Language Technology teaching

Language Technology study module (25 credits)

Organized together with the Department of Computing and the School of Languages and Translation Studies. No prior knowledge of language technology is needed. Students coming outside the Department of Computing will learn the basics of programming and automatic text processing during the first and second period courses so that they are able to continue to more advanced cources. All advanced courses are organized so that motivated students also outside Computing Department are able to complete the study module.

Courses

KKLT0030 Automaattinen tekstiprosessointi (5 op)

Teacher: Veronika Laippala, School of Languages and Translation studies

Language: Finnish

Time: Every year, first period

Update: The course starts on Monday 10.9. Classes on Mondays at 10.15 and Thursdays at 12.15 in A252, Arcanum, IT-luokka. Course materials here.

Level: Intermediate

After the course the student knows how to manipulate and analyze large corpora from command line. The student is familiar with various simple Unix tools, such as sorting and counting frequencies, using regular expressions, running loops and using pipes. Further, the student knows how to search for instructions in online manuals. The practical assignments prepare the students to apply the learned skills for instance in theses, and the learned skills are further developed in the more advanced courses of the studying module.

BIOI2250 Introduction to Programming (5–6 ECTS)

Teacher: Department of Computing

Language: English

Time: Every year, first and second period

Level: Intermediate

The course targets students with no prior programming experience. The students will acquire basic skills in algorithm design and programming, learning to write simple, practical programs in the Python programming language.

Students from the Department of Computing (TKT or DI) cannot take this course, you must take the programming courses meant for TKT or DI degree students.

TKO_7095 Introduction to Human Language Technology (5 op)

Teachers: Jenna Kanerva, Filip Ginter, Sampo Pyysalo, Department of Computing

Language: English

Time: Every year, fourth period (late spring)

Level: Advanced

The course introduces the use of human language as data in data analysis or machine learning, starting from the concepts of textual corpora and corpus annotation, and continuing to building simple language technology applications. The basic feature representation methods of textual data are explained and their practical implementations are shown while building machine learning pipelines for selected language technology applications. The course also introduces the notion of semantic textual similarity and semantic vector spaces of languages. Language modeling is introduced as a task to learn such representations. The course will also introduce several language technology applications, starting from elementary text processing such as segmentation, and continuing to selected end-user applications such as text classification and sentiment mining.

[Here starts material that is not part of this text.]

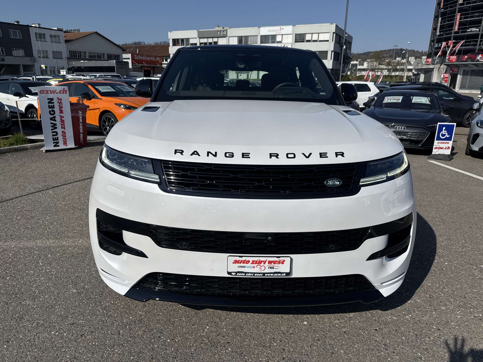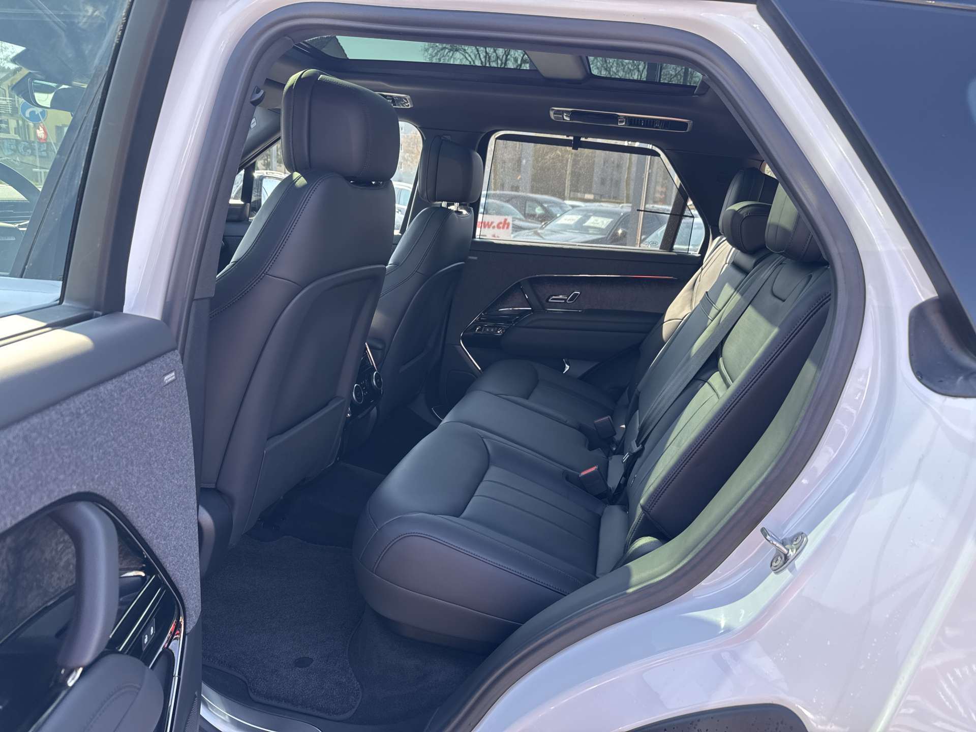 3-Punkt-Sicherheitsgurte auf allen Plätzen, Ablagefächer in Türen, vorne, Abschleppöse vorn und hinten, Airbag: Airbag Fahrer und Beifahrer, Airbag: Seitenairbag für Fahrer und Beifahrer, Airbag: Window-Kopfairbags, Alarmanlage, perimetrisch, Anhänger Stabilisierungkontrolle TSA, Antiblockiersystem (ABS), Assist: 3D-Surround-Kamerasystem (inkl. Wade Sensing), Assist: Adaptive Geschwindigkeitsregelung (Adaptive Cruise Control, ACC), Assist: Aufmerksamkeitsassistent mit Active Stop (Notfallbremsassistent), Assist: Autonomer Notfall-Bremsassistent, Assist: Bergabfahrhilfe (Hill Descent Control, HDC), Assist: Berganfahrhilfe (Hill Holder), Assist: Einparkhilfe vorne und hinten, Assist: Elektronische Parkbremse, Assist: Elektronische Traktionskontrolle, Assist: Elektronischer Bremskraftverteilung EBD, Assist: Insassenschutzassistent, Assist: Kollisionswarnsystem bei Rückwärtsfahren, Assist: Kollisionswarnsystem hinten, Assist: Spurhalteassistent, Assist: Toter-Winkel-Spurassistent inkl.Annäherungssensor, Assist: Verkehrszeichenerkennung mit adaptivem Geschwindigkeitsbegrenzer, Außenspiegel, elektrisch einklapp-, verstell- und beheizbar, mit Memory-Funktion,, Befestigungssystem im Gepäckraum, Bremssättel, unlackiert, CCS-Anschluss für DC-Laden (Gleichstromladen), Dachhimmel in Textil - Ebony, Dekor: Dekorelemente in fein gebürstetem Aluminium, Dynamische Stabilitätskontrolle (Dynamic Stability Control, DSC), Edelstahl-Ladekantenschutz, Einstiegsleisten vorne aus Aluminium mit Range Rover Schriftzug, beleuchtet, Elektrische Heckklappe, Entfall Modell- und Motorenschriftzug, Fahrwerk: Adaptive Dynamics (Adaptives Fahrwerk), Fahrwerk: All Terrain Progress Control (ATPC), Fahrwerk: Allradantrieb, Fahrwerk: Differenzial mit Torque Vectoring by Braking (TVBB), Fahrwerk: Dynamische Luftfederung, Fensterheber, elektrisch, mit One-Touch-Funktion und Einklemmschutz, Fussmatten, Getränkehalter vorne und hinten, Getriebe: 8-Stufen-Automat sequentiell, Getriebe: Verteilergetriebe zweistufig (Strassen-/Geländeuntersetzung), Gurtstraffer vorne, Haltegriffe 2 vorne und 2 hinten, Heckscheiben-Wisch-/Waschanlage, Heckscheibenheizung, Innenrückspiegel mit Abblendautomatik, Keyless Entry, Kindersicherung, elektrisch, Klima: 2-Zonen-Klimaautomatik, Klima: Luftqualitätssensor, Kopfstützen vorne und hinten, Lackierung: Dach in Wagenfarbe, Lackierung: Uni-Lackierung, Ladekabel für öffentliche Ladestationen, Laderaumabdeckung, Laderaumbeleuchtung, Laderaumtrennnetz, Lenkrad: Lenksäule, elektrisch verstellbar, Lenkrad: Multifunktions-Lederlenkrad mit Einfassung in Moonlight, Lenkrad: Schaltwippen in mattiertem Chrom, Licht: Ambiente-Innenraumbeleuchtung, Licht: Automatische Leuchtweitenregulierung, Licht: Begrüßungslicht, Licht: Blinker, hinten animiert, Licht: Drittes Bremslicht, Licht: Innenraumbeleuchtung, Licht: LED Heckleuchten, Licht: Nebelschlussleuchte, Licht: Pixel LED Scheinwerfer mit LED-Signatur, Media: 13,1" Touchscreen, Media: 13,7" TFT-Instrumentendisplay, Media: AUX-Anschluss, Media: Bluetooth-fähiges Telefonsystem, Media: Digitales Radio (DAB+), Media: Kabelloses Android Auto, Media: Kabelloses Apple CarPlay, Media: Kabelloses Aufladen für Smartphones, Media: Meridian Soundsystem, Media: Online-Paket mit Datentarif, Media: Pivi Pro, Media: Remote, Media: Sprachsteuerung, Media: USB-Anschluss, Metalldach, Mittelarmlehne hinten, Mittelkonsole mit Armlehne, Paket: Erweitertes Lederpaket, Polster: Sitze in perforiertem Windsor-Leder in Ebony mit Interieur in Ebony, Räder: Reifendruckkontrollsystem (Tyre Pressure Monitoring System, TPMS), Regensensor für Scheibenwischer vorne, Scheinwerfer-Waschanlage, Seitenscheiben vorne und hinten aus gehärtetem Glas, Servolenkung geschwindigkeitsabhängig, Sitze: ISOFIX Kindersitzvorrichtung, Sitze: Rückbank, im Verhältnis 60:40 teilbar, Sitze: Vordersitze, 20-fach verstellbar, beheizbar, mit Memory-Funktion, Rücksitze beheizbar,, Sonnenblenden mit beleuchteten Schminkspiegeln, Sportliche Edelstahlpedalerie, Start-/Stop-Knopf, Stopp-/Start-System, Türen: Automatische Türverriegelung und Entriegelung bei Kollision, Türgriffe aussen in Wagenfarbe, Typ2-Anschluss für AC-Laden (Wechselstromladen), Wegfahrsperre elektronisch, Zentralverriegelung mit Fernbedienung

KKLT0031 Korpuksia ja kieliteknologiaa (5 op)

Teacher: Veronika Laippala, School of Languages and Translation studies

Language: Finnish

Time: Every year, spring

Level: Advanced

After the course the student is familiar with ready-made corpora from different fields, understands the importance of corpora in linguistics and knows how to avoid the most common problems in corpus compilation. Further, the student knows how to use corpus tools, such as Antconc and Wordsmith, is familiar with basic natural language processing tools and their functioning and understands the potentials of machine learning for language studies. In addition, the students learn methods to analyze large digital corpora. These include both traditional corpus linguistics methods and new possibilities offered by natural language processing, such as automatic syntactic analysis, distributional semantics, text classification and sentiment analysis. The studied corpora represent various languages and genres, such as social media, learner language and texts form different time periods.

TKO_8964 Textual Data Analysis (5 op)

Teachers: Filip Ginter, Sampo Pyysalo, Department of Computing

Language: English

Time: Every other year (odd years), third period (start of year)

Level: Advanced

The course focuses on practical applications of the methods introduced especially in the “Deep Learning in Human Language Technology” course to various text mining tasks as typically met in research and data science industry. Rather than introducing the inner workings of these methods, their practical applicability to real-world tasks is pursued.

  • Web crawls and other large collections of textual data, their usage and processing
  • Data sourcing, annotation, and quality control
  • Information retrieval and document search engines, including modern dense vector representations based on deep learning
  • Surface and semantic similarity of texts and its application in clustering
  • Document classification and text labeling in practical text mining tasks
  • Extraction of relations between entities in text

TKO_8965 Deep Learning in Human Language Technology (5 op)

Teacher: Filip Ginter, Sampu Pyysalo, Department of Computing

Language: English

Time: Starting from 2023 every year, first period (autumn)

Level: Advanced

The course introduces the use of basic neural network architectures to textual data and focuses in detail on the application of state-of-the-art architectures and models to a range of natural language processing tasks. Exercises and the course project emphasize practical skills in training neural networks to address a range of tasks and the use of deep learning-based models as components of practical systems and provide students with the skills to train models in GPU-accelerated environments.